===== Material provided

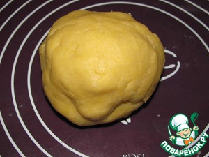 Замесить песочное тесто. Для этого муку смешать с разрыхлителем, высыпать на разделочную доску. Сделать в муке воронку, всыпать 1 ст. л сахара и соль, добавить размягченное масло, порезанное на кусочки и желток. Вымешивать тесто, немного подливая воду, до тех пор, чтобы тесто легко отлипало от рук. Скатать тесто в шар, завернуть в пленку и поместить в холодильник на 1 час.
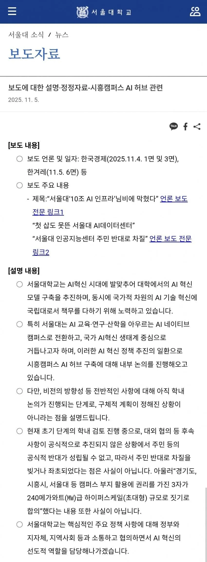 서울대에서 사실이 아니라고 반박함
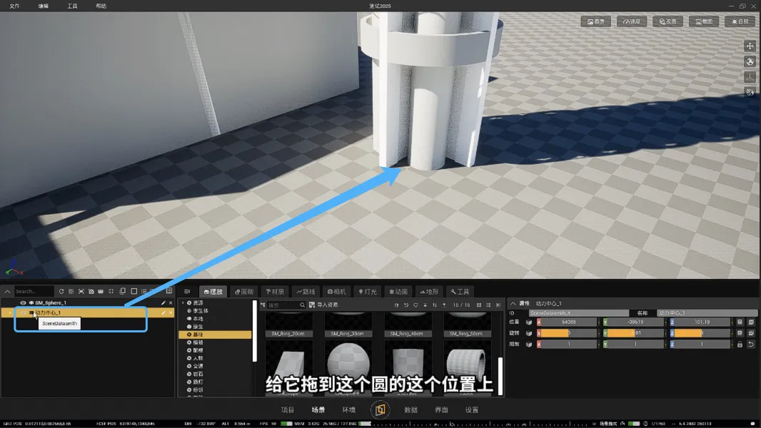 4. 把动力中心拖出来放到前一步摆放的圆的位置,然后把【位置】归零
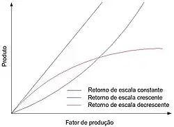 - Retornos constantes de escala: ao se aumentar vezes os fatores de produção, a quantidade produzida também aumenta vezes. Em outras palavras, se , então ;
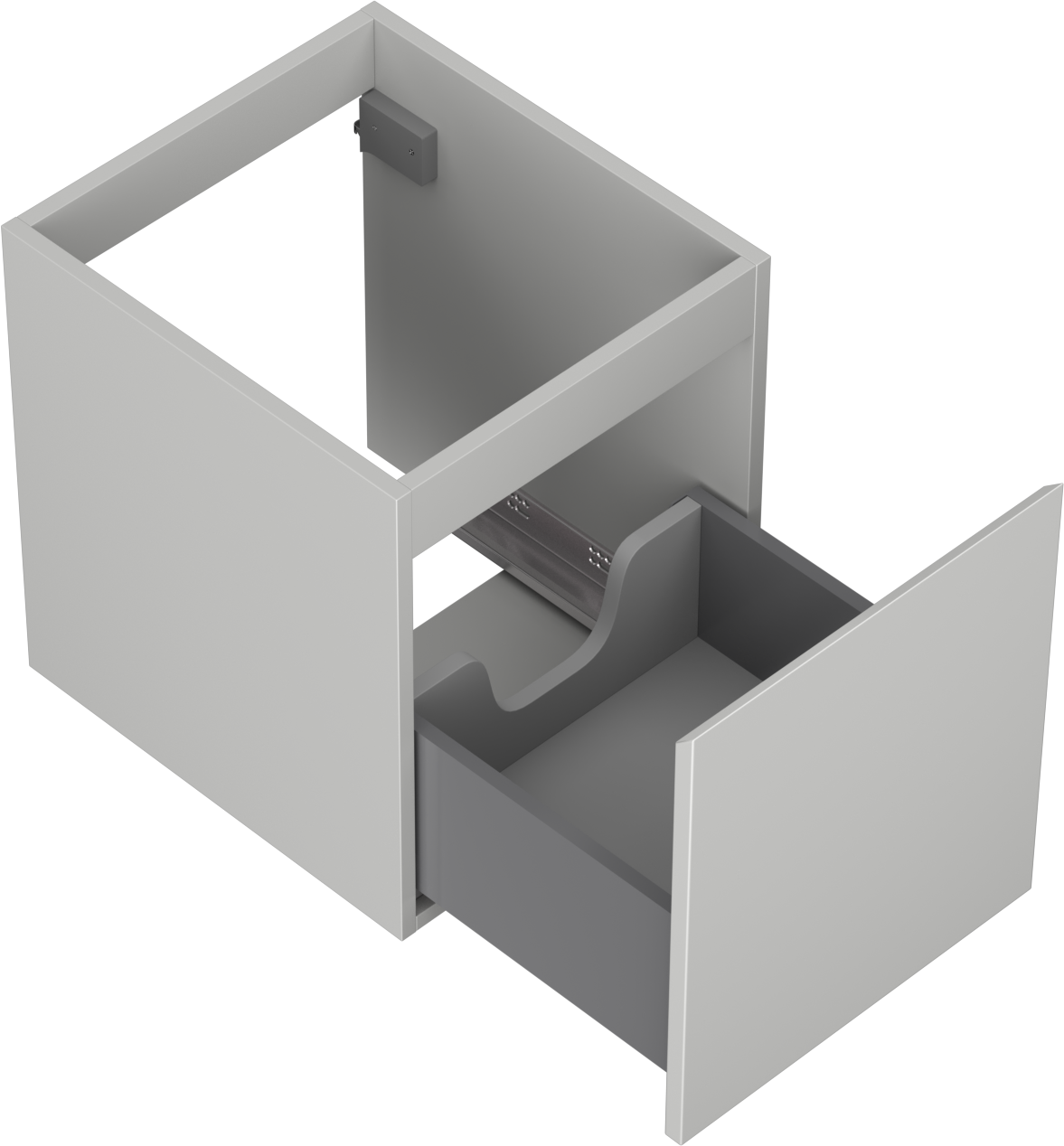 A fiókban lévő kivágás úgy van kialakítva, hogy befogadja a mosdó telepítéseknél szükséges szifont. Ennek köszönhetően a bútor teljesen funkcionálisan felszerelhető anélkül, hogy a fiók terének egy részét fel kellene áldozni a telepítés miatt.
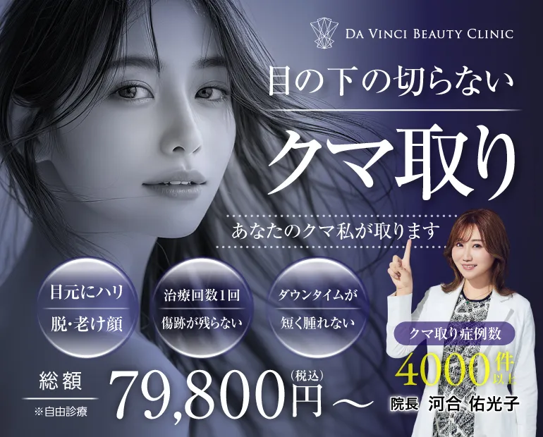 目の下のクマ取りでは、膨らみだけでなく凹みも同時に改善することで、より自然で若々しい仕上がりを目指せます。
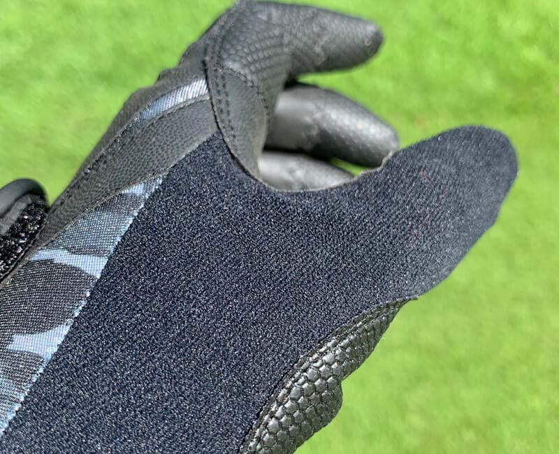 あと、ちょっとした小技として、親指の付け根あたりの生地が汗拭きパッドになっていて、暑い日のプレーの時とかは役立っちゃうんですよ。これ意外に便利かも。このグローブは洗う事もできるので、汗を拭いても洗っちゃえば臭くなったりもしないしね。
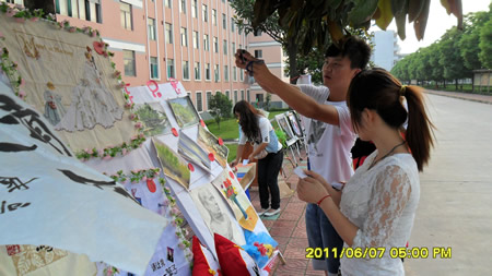 6月7日,在行知路,农林系举办了寝室文化月之寝室文化作品展。本次活动赢得了广大同学的积极响应和热情参与,同时也得到系部领导的高度重视与大力支持。经过一个月的时间,共收集优秀作品几十件,包括十字绣、手工编织、字画、剪纸等。
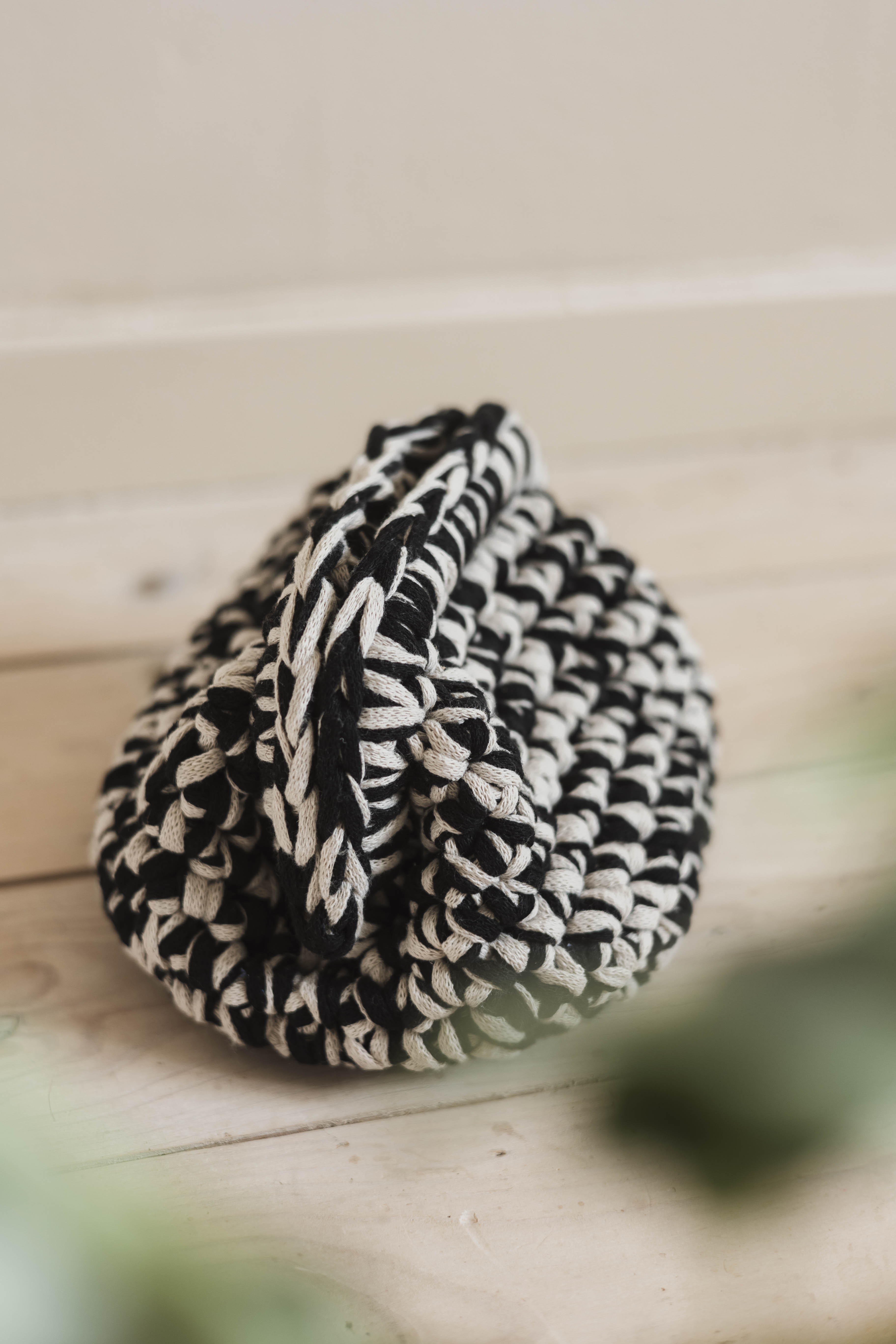 This clutch is easy to crochet and the result is beautiful, and you can make it completely unique according to your preferences. Perfect to have in your handbag with enough space for everything you need. All you need is a clutch handle (we've used 16cm), two skeins of our EKO Mini Tube yarn and a 10 mm crochet hook. We used the colors "Greige" and "Black" in the pictures. You can easily use this pattern for a larger metal clutch, but then you will need more yarn.

==========

• What is needed: Please print every record above exactly, but leave the pictures out.

• Response area:
 Замесить песочное тесто. Для этого муку смешать с разрыхлителем, высыпать на разделочную доску. Сделать в муке воронку, всыпать 1 ст. л сахара и соль, добавить размягченное масло, порезанное на кусочки и желток. Вымешивать тесто, немного подливая воду, до тех пор, чтобы тесто легко отлипало от рук. Скатать тесто в шар, завернуть в пленку и поместить в холодильник на 1 час.
 서울대에서 사실이 아니라고 반박함
 4. 把动力中心拖出来放到前一步摆放的圆的位置,然后把【位置】归零
 - Retornos constantes de escala: ao se aumentar vezes os fatores de produção, a quantidade produzida também aumenta vezes. Em outras palavras, se , então ;
 A fiókban lévő kivágás úgy van kialakítva, hogy befogadja a mosdó telepítéseknél szükséges szifont. Ennek köszönhetően a bútor teljesen funkcionálisan felszerelhető anélkül, hogy a fiók terének egy részét fel kellene áldozni a telepítés miatt.
 目の下のクマ取りでは、膨らみだけでなく凹みも同時に改善することで、より自然で若々しい仕上がりを目指せます。
 あと、ちょっとした小技として、親指の付け根あたりの生地が汗拭きパッドになっていて、暑い日のプレーの時とかは役立っちゃうんですよ。これ意外に便利かも。このグローブは洗う事もできるので、汗を拭いても洗っちゃえば臭くなったりもしないしね。
 6月7日,在行知路,农林系举办了寝室文化月之寝室文化作品展。本次活动赢得了广大同学的积极响应和热情参与,同时也得到系部领导的高度重视与大力支持。经过一个月的时间,共收集优秀作品几十件,包括十字绣、手工编织、字画、剪纸等。
 This clutch is easy to crochet and the result is beautiful, and you can make it completely unique according to your preferences. Perfect to have in your handbag with enough space for everything you need. All you need is a clutch handle (we've used 16cm), two skeins of our EKO Mini Tube yarn and a 10 mm crochet hook. We used the colors "Greige" and "Black" in the pictures. You can easily use this pattern for a larger metal clutch, but then you will need more yarn.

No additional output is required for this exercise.